Originals.. What about the green background?  Should I use white?  And I definitely see the issues with the 1st one now... Thanks


----------



## tmjjk (Jun 1, 2012)

They might be cropped.. I have to check when I get to my pc... Can't remember... I took about 10 different shots...


----------



## Kerbouchard (Jun 1, 2012)

I'm thinking on your first, the cupcake was too close to the background.  Because you were getting spill back into the subject, you probably reduced the exposure to compensate.

The spill from the background robs it a little bit of it's sharpness, and it just doesn't look 'clean'.


----------



## morganza (Jun 2, 2012)

The cream part looks so detailed and good though.


----------



## tmjjk (Jun 3, 2012)

any better.... same image, different crop and edit... after seeing on here, the background looked bluish... so I tweaked again...


----------



## Kerbouchard (Jun 3, 2012)

You still have the background bleeding back into the subject.  It just robs the edges of the sharpness that should be there.


----------



## tmjjk (Jun 3, 2012)

Kerbouchard said:
			
		

> You still have the background bleeding back into the subject.  It just robs the edges of the sharpness that should be there.



I really like your work kerbourchard and respect your opinion... Could you help me understand the bleeding... And will just bringing my subject further away from the background fix this?


----------



## Kerbouchard (Jun 3, 2012)

tmjjk said:


> Kerbouchard said:
> 
> 
> 
> ...



Basically, what is happening is the light is reflecting off of the background and hitting your subject.  It is kind of causing the outer edges of the subject to merge with the background, thus resulting in the slightly hazy edges.

And yes, bringing your subject further away from the background will help fix it.


----------



## tmjjk (Jun 3, 2012)

Thank you very much!
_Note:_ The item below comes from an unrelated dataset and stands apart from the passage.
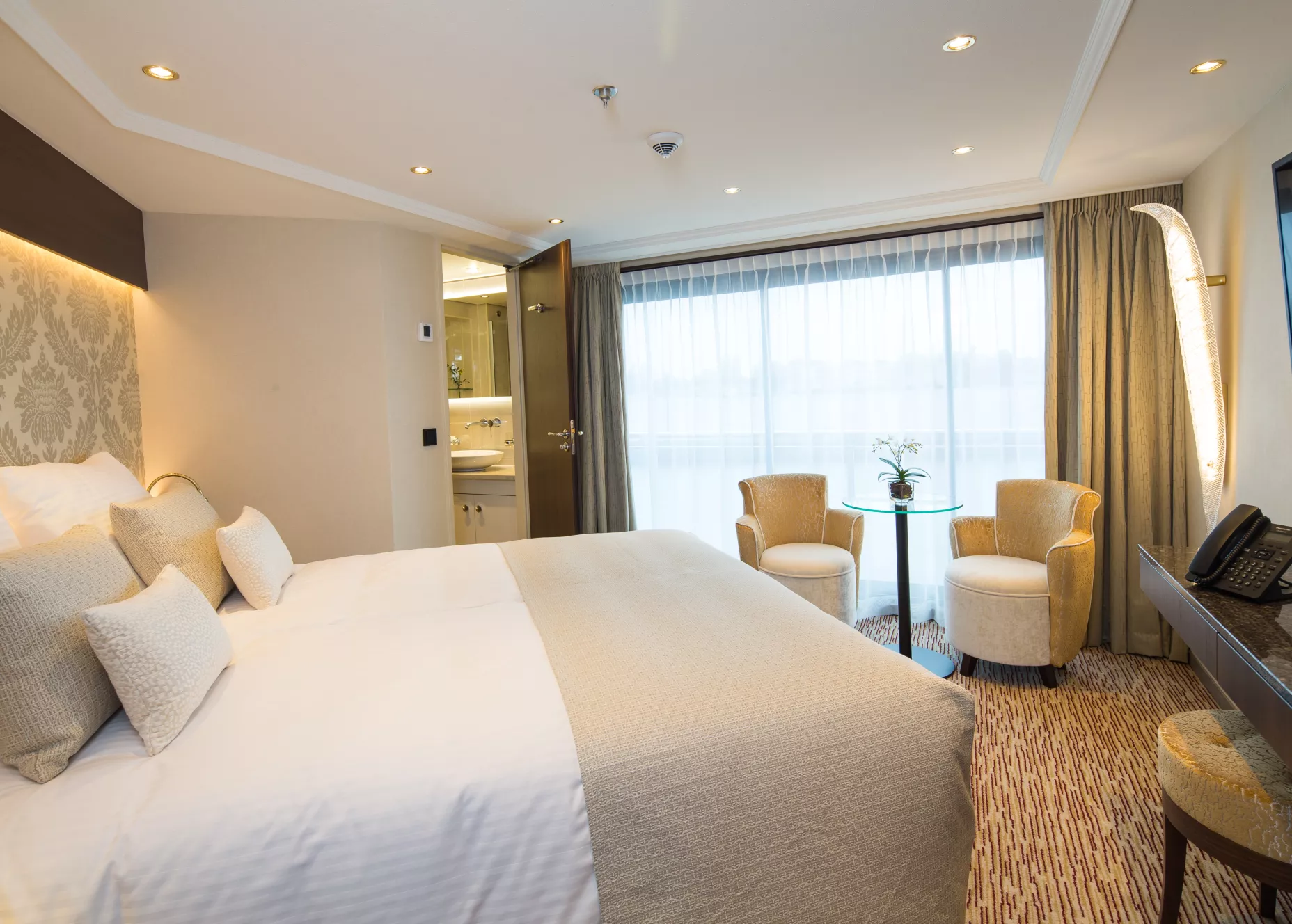 It would be very easy to simply describe the MS Emily Bronte as ‘luxurious’ but it’s much more than that; we have deliberately avoided the current trend for a minimalist style where you could be anywhere in the world, creating instead a unique yet exquisite blend of understated taste, style and elegance at the highest level. Immediately striking is just how exceptionally spacious this vessel is as you enter a gleaming, richly coloured marble-floored lobby flooded with natural light from a stunning atrium above. Moving inside, exceptional creativity from Europe’s finest design studio has produced a superbly balanced masterpiece of onboard style, utilising sustainable rich hardwoods, gleaming brass and polished copper, sparkling glass and intricate wrought iron. The ship is beautifully illuminated throughout – including the exterior and imaginatively furnished with harmonious colour schemes, all designed to create the serene atmosphere reflective of the golden age of cruising which time after time you tell us you adore.
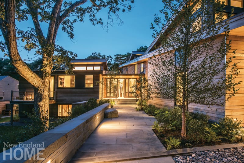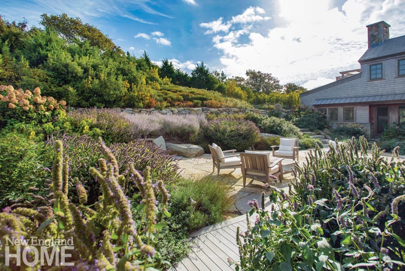 A raised terrace and infinity pool extend into the backyard, which abuts a saltwater pond with views of the bay beyond. Connecting landscaping and hardscaping with the architecture was an important element of the design for Polhemus Savery DaSilva, the firm responsible for the architecture, landscape architecture, and construction of the house.

I thought the haze was because I shot too wide open... I will work on this... Too bad the cupcakes are gone


----------



## Kerbouchard (Jun 3, 2012)

tmjjk said:


> Thank you very much! I thought the haze was because I shot too wide open... I will work on this... Too bad the cupcakes are gone



Shooting at too large of an aperture could very well contribute to this.  If you were shooting at a larger aperture than f/8 or so, I would say it was a combination of the two.


----------



## RichardsTPF (Jun 5, 2012)

I can't tell whether the cake itself or the picture doesn't give me the hungry feeling.


----------